NEW YORK (Reuters) - On the surface, a U.S. housing law passed in July that provides first-time home buyers with a tax credit looks like a boon for builders.

But even as the law will give to the industry, it will also take away, eliminating a long-standing incentive where builders enticed buyers into purchasing homes by providing the down payment on mortgages insured by the government.

Known as "seller-funded down payment assistance," builders could pay up to 6 percent of a home's sale price. But from October 1, the law will ban this practice because mortgages secured with assisted down payments have expected foreclosure rates up to three times higher than other loans, Housing and Urban Development (HUD) spokesman Lemar Wooley said.

The ban is a near-term negative for the industry, since it will shrink the pool of potential buyers, raise cancellation rates and weigh on already-depressed builders' shares -- their index .DJUSHB sits 75 percent off its lifetime high.

The chief executive of the largest U.S. home builder, D.R. Horton Inc (DHI.N), said he "got suicidal" over the ban.

"I'm absolutely shocked by it. And I'm upset by it," Horton CEO Don Tomnitz told analysts on a recent call. "To take 10 percent, 20 percent, 30 percent of the buyers out of the home buying decision, at a point in the economy that they did, it's absolutely ludicrous."

While the new law contains a $7,500 tax credit for first-time buyers, that will not offset the ban on down payment assistance, which had no such restrictions, National Association of Home Builders (NAHB) CEO Jerry Howard said.

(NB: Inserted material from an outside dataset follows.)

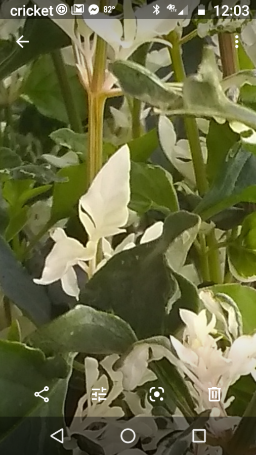 This flower/plant has little tiny leaves that are white making it look like flowers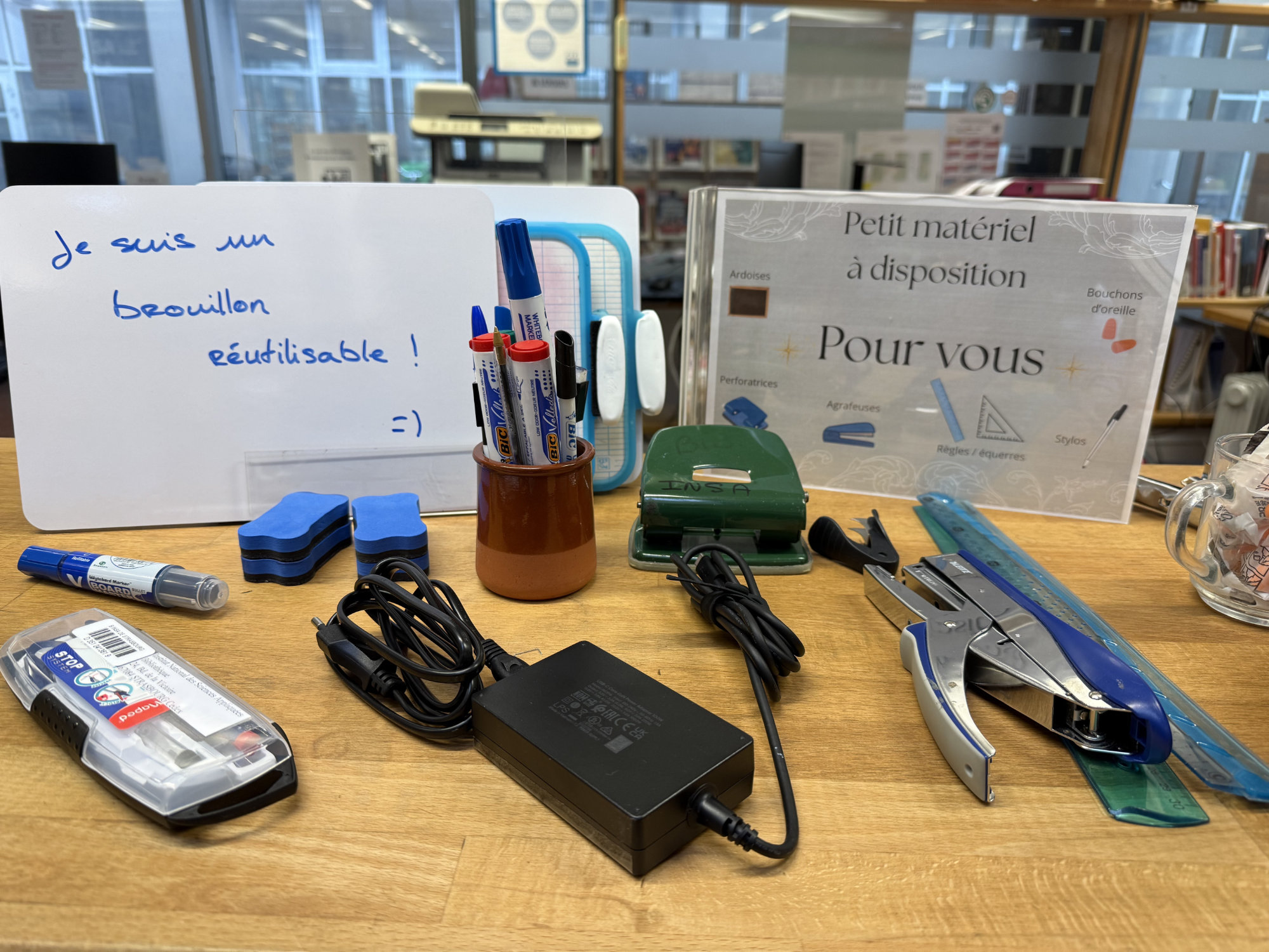 En plus des calculatrices et chargeurs de téléphones, un chargeur PC en USB-C et un compas sont désormais disponibles à l'emprunt. Il vous suffit de les demander à l'accueil de la bibliothèque.

The credit, which benefits buyers at tax time, is also not as intuitive as an up-front gift, one portfolio manager said.

"It's still an incentive, it's just not as good an incentive," said Todd Lowenstein, whose HighMark Value Momentum Fund owns 181,000 shares of Pulte Homes Inc (PHM.N).

What's more, builders had come to rely increasingly on down payment assistance as the credit crunch forced more buyers into the very government mortgages affected by the ban, Morningstar analyst Eric Landry said.

A BIG CHUNK

Assisted down payments secure about a third of the Federal Housing Authority's portfolio today, up from 18 percent five years ago, HUD's Wooley said.

In reducing the number of potential buyers, whether or not they could afford down payments, the ban "could cause another leg down" for builders by depressing home prices further and forcing them to write off the value of more land, JP Morgan analyst Michael Rehaut said on a conference call for clients.

It could mean share price declines of another 10 percent to 20 percent over the next three to four quarters, Rehaut said.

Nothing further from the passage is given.